I'm trying to write a function that returns some sort of list. Since this function is pure, and I'm likely to call it multiple times, I want to cache the results. To avoid allocations, I want to return references that all point to the same memory location, so that I only need to perform an allocation once per unique call of the function.
In principle, I could store each result as a vector in a cache, and return references to the result vector's slice. This looks unsafe, but (I think) isn't. If you never delete or modify elements of the cache, then your slice references are safe. The vectors might be moved when you add to the cache, but their slices shouldn't be.

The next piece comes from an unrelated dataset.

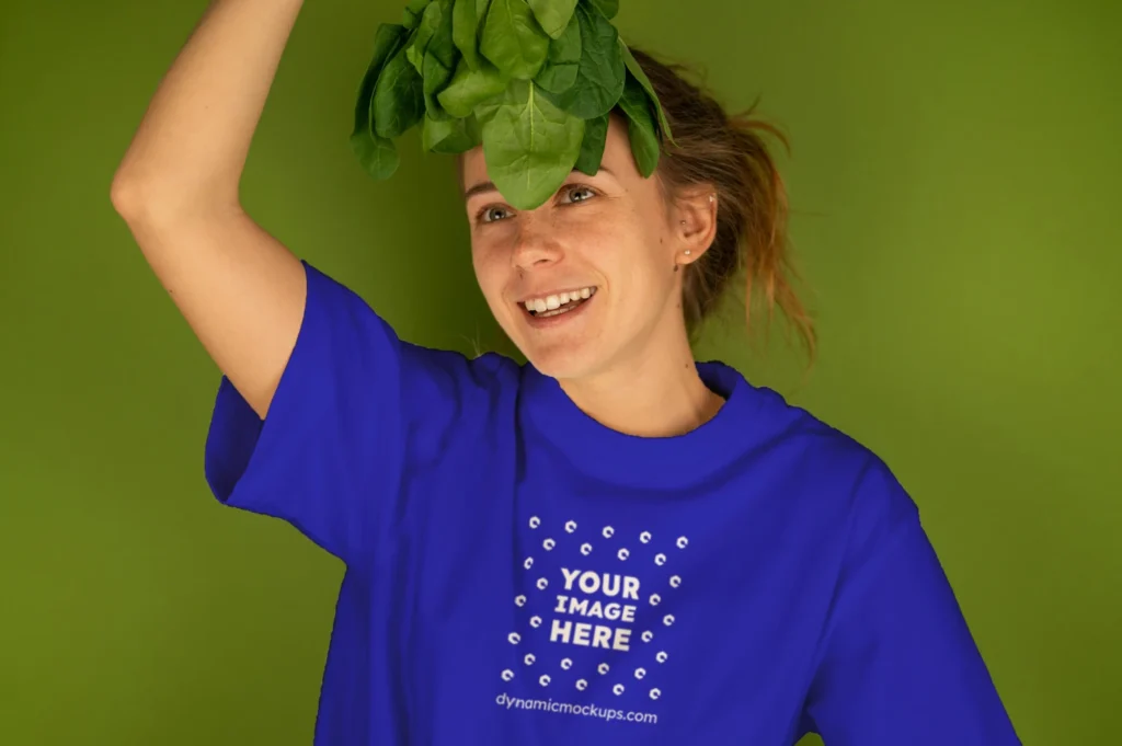 Need an Adult White Woman wearing a Blue Plain T-shirt Front View Mockup Template to make a realistic product design? Look no further! Our T-shirt mockup templates are perfect for bringing your creative ideas to life. These mockups add a stylish touch to any design. Download, edit online, or use Photoshop to personalize and present your T-shirt designs easily. Try Woman Wearing Blue T-shirt Mockup Front View Template #4943 now!

Obviously the borrow checker won't accept this solution. As far as it's concerned, the cache is borrowed when your function returns, and you can't call it again because that requires a mutable borrow.

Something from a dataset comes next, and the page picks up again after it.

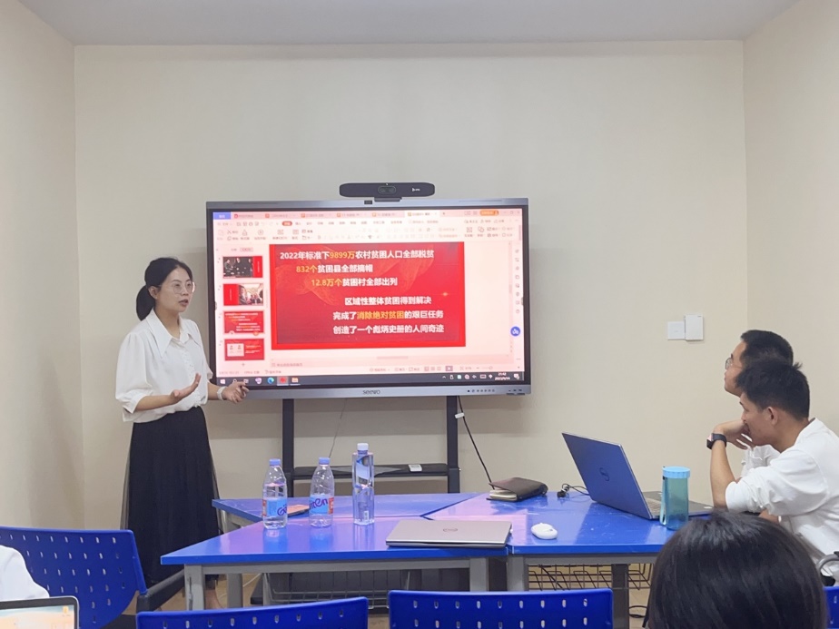陈梦洁同志以《扎根祖国大地,让青春绽放绚丽之花》为题,与大家共同品读了《习近平的七年知青岁月》这本有字之书,并通过回顾习近平总书记的青年奋斗经历,探索其背后隐含“扎根精神”的无字之书。

The best solution I have so far is on the playground here, and included below:
use std::collections::HashMap;
use std::rc::Rc;
fn n_trues(n: usize, cache: &mut HashMap<usize, Rc<[bool]>>) -> Rc<[bool]> {
cache
.entry(n)
.or_insert_with(|| vec![true; n].into())
.clone()
}
fn main() {
let mut cache = HashMap::new();
let zero = n_trues(0, &mut cache);
let one = n_trues(1, &mut cache);
let other_zero = n_trues(0, &mut cache);
assert!(Rc::ptr_eq(&zero, &other_zero));
for x in [zero, one, other_zero].iter() {
println!("{:?}", x);
}
}
The Rc
satisfies the borrow checker: deleting from the cache won't invalidate the other references, and you can't mutate the contents of an Rc
. However, the actual refcounting is superfluous: we ensure that the cache goes out of scope only at the end of the program, so the cached values are not freed until then. This is the sort of thing the borrow checker can check: it can ensure that cache outlives all the results.
Is there any way to eliminate the refcount without resorting to unsafe code?